The trial began in Newport, Rhode Island on May 6, 1833, and was heard by the Supreme Judicial Council. The lawyers for the prosecution were Rhode Island Attorney General Albert C. Greene and former attorney general Dutee Jerauld Pearce. The six lawyers for the defense, hired by the Methodist Church, were led by former United States Senator and New Hampshire Attorney General Jeremiah Mason.

The trial lasted 27 days. Under Rhode Island law at the time, defendants in capital cases were not permitted to offer testimony in their own defense, so Avery did not get the opportunity to speak. However, both the prosecution and the defense called a large number of witnesses to testify, 68 for the prosecution, and 128 for the defense.

Although the defense maintained that Avery had not been present when the murder occurred, the larger part of the defense strategy was to call into question Cornell's morals. The defense characterized her as "utterly abandoned, unprincipled, profligate," and brought forth many witnesses to testify to her promiscuity, suicidal ideation and mental instability.
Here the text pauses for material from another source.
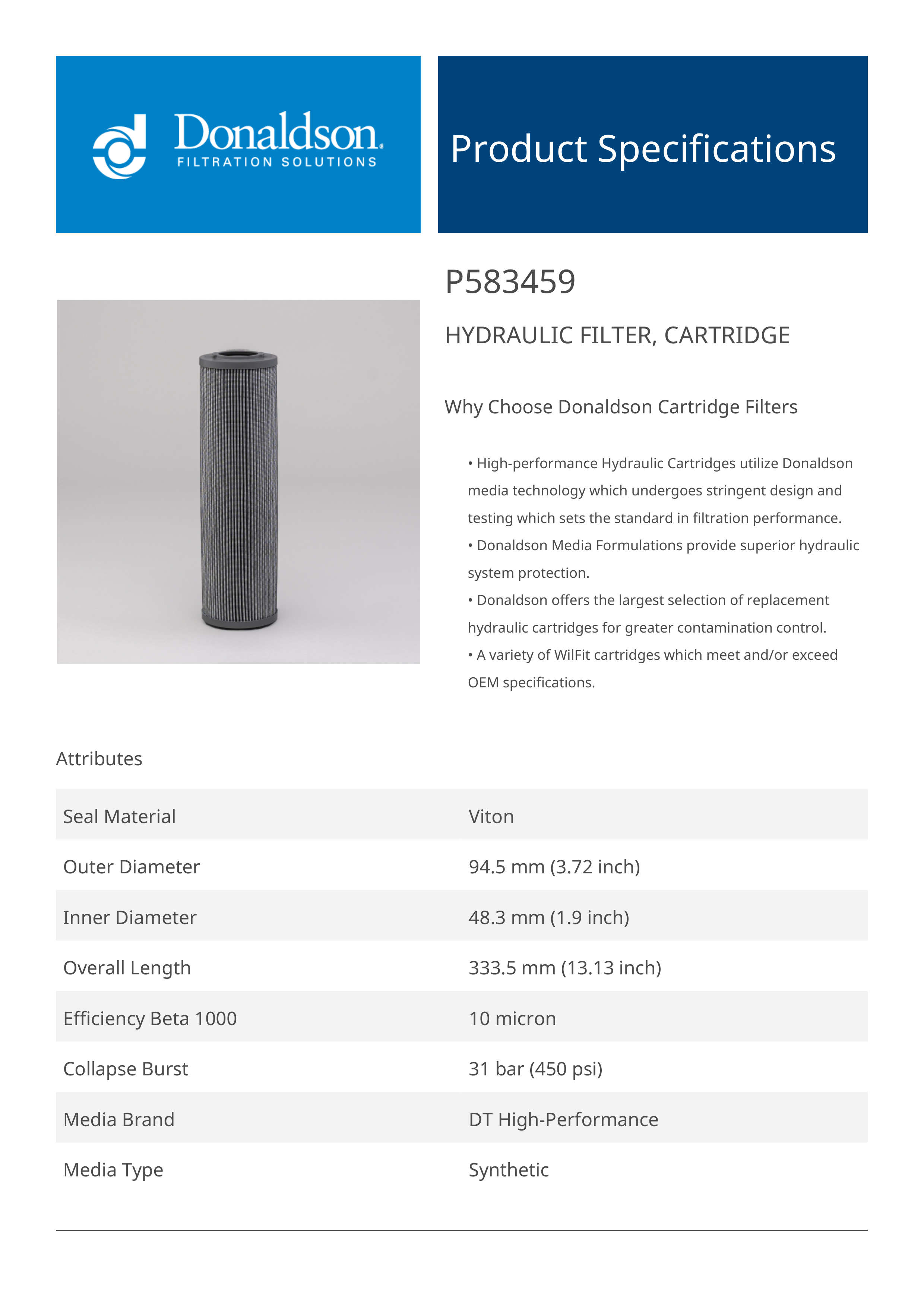 Genuine Donaldson P583459 Hydraulic Filter, Cartridge is designed to provide superior protection for your hydraulic system, effectively capturing contaminants to ensure clean fluid circulation. With high-quality filtration media, it extends equipment life, improves operational efficiency, and maintains fluid cleanliness even in the most demanding environments.Built for industrial, agricultural, and heavy-duty applications, this filter offers excellent dirt-holding capacity and flow efficiency. Its easy installation and maintenance help reduce downtime, making it a reliable choice for keeping hydraulic systems running smoothly.

Much was made of how Cornell had been cast out of the Methodist Church for fornication.

The prosecution largely attempted to portray the Methodist clergy as a dangerous, almost secret society, willing to defend their minister and the good name of their church at any cost.
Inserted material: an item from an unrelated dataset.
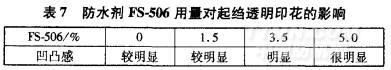 在透明印花浆FS_417S中添加防水剂FS.506,对起绉透明印花有明显的影响。防水剂Fs.506在加热交联后,具有极强的防水、拒水性能,使FS_417S具有更强的定形、保形作用,印花部分不受碱的影响,使印花部分不收缩,而不印花部分收缩,从而形成凹凸感、镂空感更强的透明花纹,更富艺术效果(表7)。
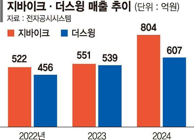 양사는 2023년까지만 해도 박빙의 성적을 기록했다. 당시 지바이크와 더스윙의 매출은 각각 551억원, 539억원으로 12억원 차이에 불과했다.

A medical debate centered around whether the unborn child was in fact conceived in August, although Puritan standards of propriety regarding the female body sometimes made it difficult to elicit factual information. One female witness, when questioned as to the state of Cornell's body, absolutely refused to answer, saying, "I never heard such questions asked of nobody."
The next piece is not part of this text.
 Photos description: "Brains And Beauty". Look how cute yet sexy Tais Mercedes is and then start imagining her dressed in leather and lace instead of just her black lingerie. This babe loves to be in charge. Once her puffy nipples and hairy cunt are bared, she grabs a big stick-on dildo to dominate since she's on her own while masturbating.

On June 2, 1833, after deliberating for 16 hours, the jury found Ephraim Kingsbury Avery "not guilty". The minister was set free and returned to his position in the Methodist Church, but the public opinion was that Avery had been wrongfully acquitted. Rallies hanged or burned effigies of Avery, and he himself was once almost lynched in Boston. A great deal of anger was also directed at the Methodist Church. To ease tensions, the church's New England Conference convened a trial of its own, chaired by Wilbur Fisk, in which Avery was again acquitted. This did little, if anything, to quell public antipathy toward Avery or the church.

Avery later embarked on a speaking tour to vindicate himself in the eyes of the public, but his efforts were largely unsuccessful. In 1836, Avery left the Methodist ministry, and took his family first to Connecticut, then upstate New York. They ultimately settled in Ohio, where he lived out the rest of his days as a farmer. Avery also wrote a pamphlet called The correct, full and impartial report of the trial of Rev. Ephraim K. Avery. He died on October 23, 1869.

==Legacy==
Cornell's body was originally buried on the farm near where her body was found. However, years later it was moved to Plot 2733 on Whitethorn Path at Oak Grove Cemetery when the farm became South Park.

The story of Cornell's death and the ensuing trial were the subject of the 1833 book Fall River: An Authentic Narrative by Catharine Williams and the 2025 book The Sinners All Bow by Kate Winkler Dawson, as well as the 2001 academic paper The Scarlet Letter' and the 1833 Murder Trial of the Reverend Ephraim Avery by Kristin Boudreau. Both Dawson and Boudreau found parallels between Cornell and Rev. Avery and The Scarlet Letter characters Hester Prynne and Arthur Dimmesdale.